In short: The attackers knew Keepers would fail to get their first bids through and it would result in subsequent bids “probabilistically” (in Cutler’s words) getting stuck. And it worked often enough.
The open-source code that MakerDAO published for Keeper bots didn’t have measures to check for stuck transactions.
This created a potential gap that allowed the attacker to submit a bid with a strong gas price but a 0 DAI bid for the collateral, starting that short 10-minute auction clock ticking.
“While automated trading systems are often designed to programmatically increase the gas price of transactions, many such trading systems do not handle nonce gaps well – if at all,” the Blocknative post warns.
In 1,462 cases, the Keepers failed to notice that their bids were getting stuck in the mempools, the attackers won the bid, stealing millions of dollars in ETH and nearly forcing an emergency shutdown on MakerDAO.
MakerDAO has since extended the auction time to six hours.

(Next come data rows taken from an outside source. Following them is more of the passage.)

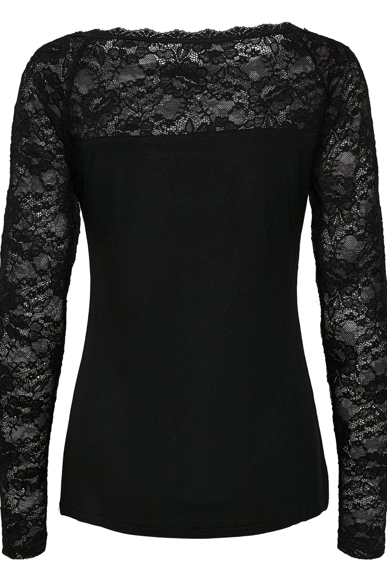 - Smuk langærmet top fra Kaffe med en tætsiddende pasform, bådudskæring i halsen og de smukkeste blonder der giver den et rigtig fint og feminint udtryk.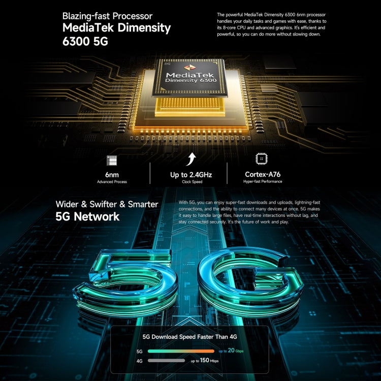 Specifications1. CPU: MediaTek Dimensity 6300, octa-core, 2.4GHz, 2 x Arm Cortex-A76, 6 x Arm Cortex-A55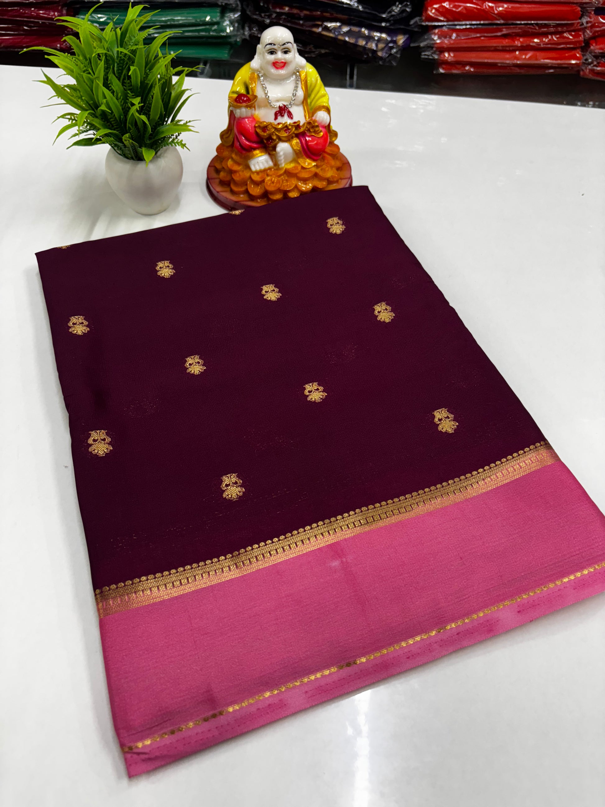 Premium Mysore Crepe Silk Saree with Buttas – Elegant Contrast Shades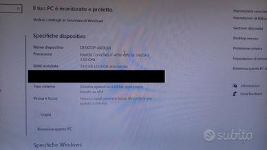 CPU: Intel Core i7 4790 – 4 core / 8 thread, clock base 3.6GHz (turbo fino a 4.0GHz). Ottime prestazioni per gaming, multitasking e applicazioni produttive.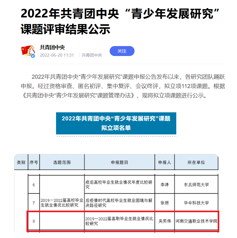 近日,共青团中央发布了《2022年共青团中央“青少年发展研究”课题拟立项名单》,888电子游戏平台手机版吴笑伟教授申报的《2019-2022届高职毕业生就业情况比较研究》成功入选。此次立项的课题是共青团中央最高级别部级课题,全国仅一所高职院校、河南仅一所高校入围,课题入选填补了学校、河南省高校、全国职业院校团中央课题立项空白,标志着我校“青少年发展”方向的科研水平已跻身全省前列。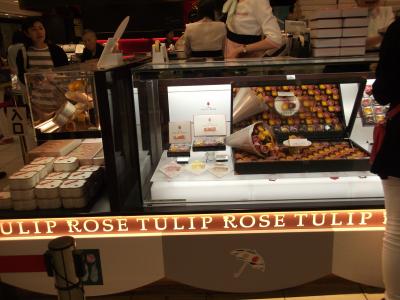 池袋東口の西武百貨店地下にある洋菓子のお店。まずはすごい行列に驚きました。商品はチューリップとローズを合体させた、見た目もかわいらしいカラフルなスイーツで、食べるのがもったいない感じもしてきます。4個入りの小箱入りからあるようなので、ちょっとしたおしゃれなお土産としてもよさそうです。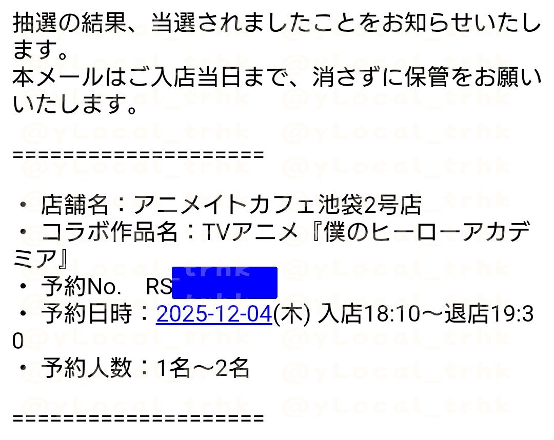 *RT不要* 緩募 ヒロアカ アニカフェ 池袋 #yl取引 まさかの当選してたので、お探しの方がいましたら😅 【当選日】 12/4 18:10 【条件】 ・20分程度の遅刻了承済の方 ・テーブル会計 ・轟/麗日を優先可能な方 ・グッズ協力は不要 ・過度な食べ残しのない方 代行ももしかしたらできるかもです🤔 pic.x.com/0cSGxr5eK1
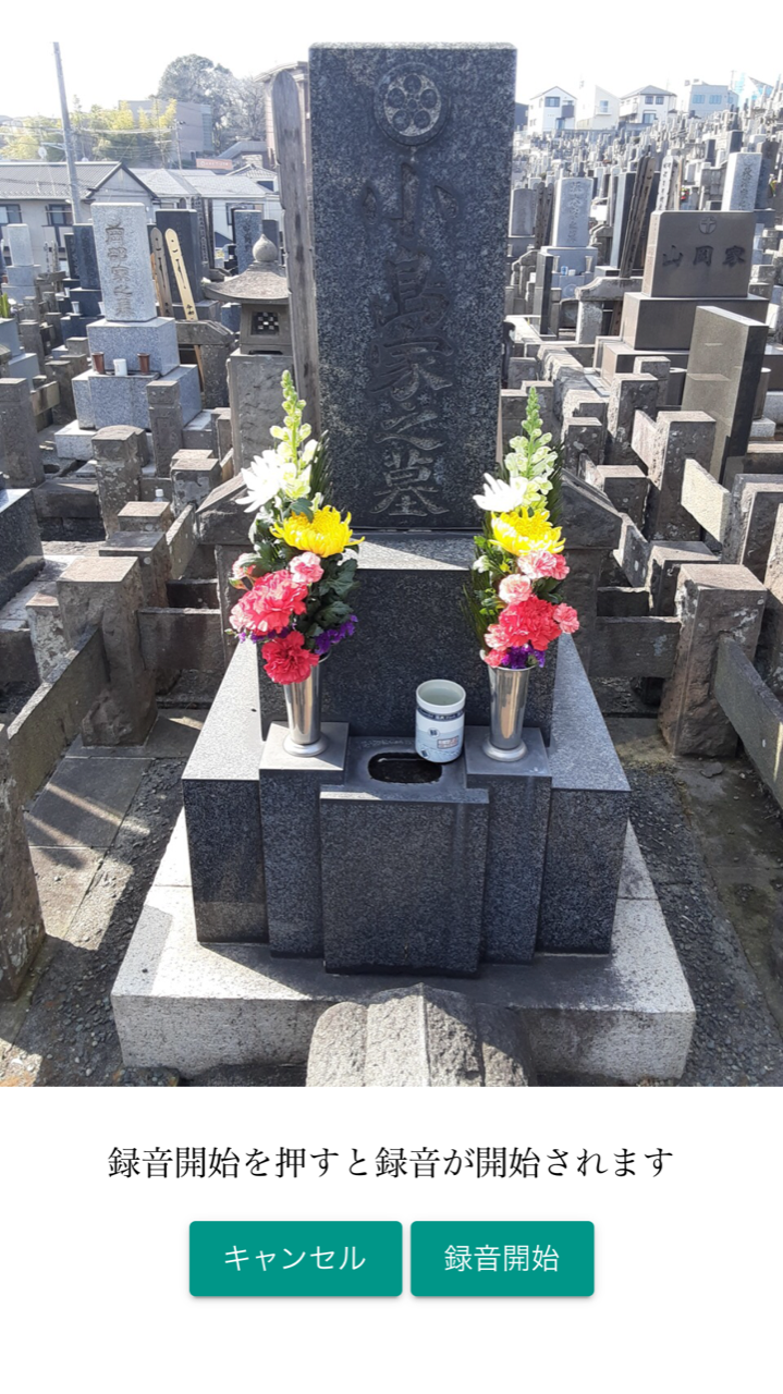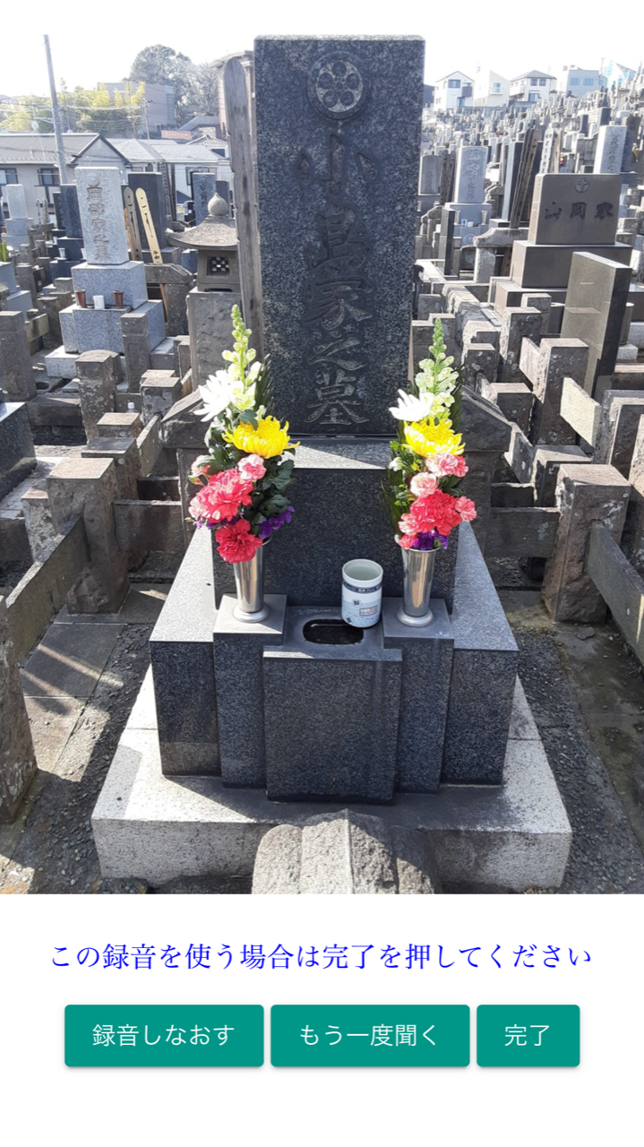 墓前メッセージ録音:お墓の写真を見ながらメッセージの吹き込み

Blocknative has opened its data set of mempool activity for members of the community to study further.
The blog post notes:
"The mempool is a critical – yet ephemeral and often overlooked – element of the blockchain ecosystem. As such, mempools present many 'unknown unknowns' to builders and users alike."
In this case, however, the attackers studied Maker’s Keeper code and realized it was possible to know what the real Keepers didn’t.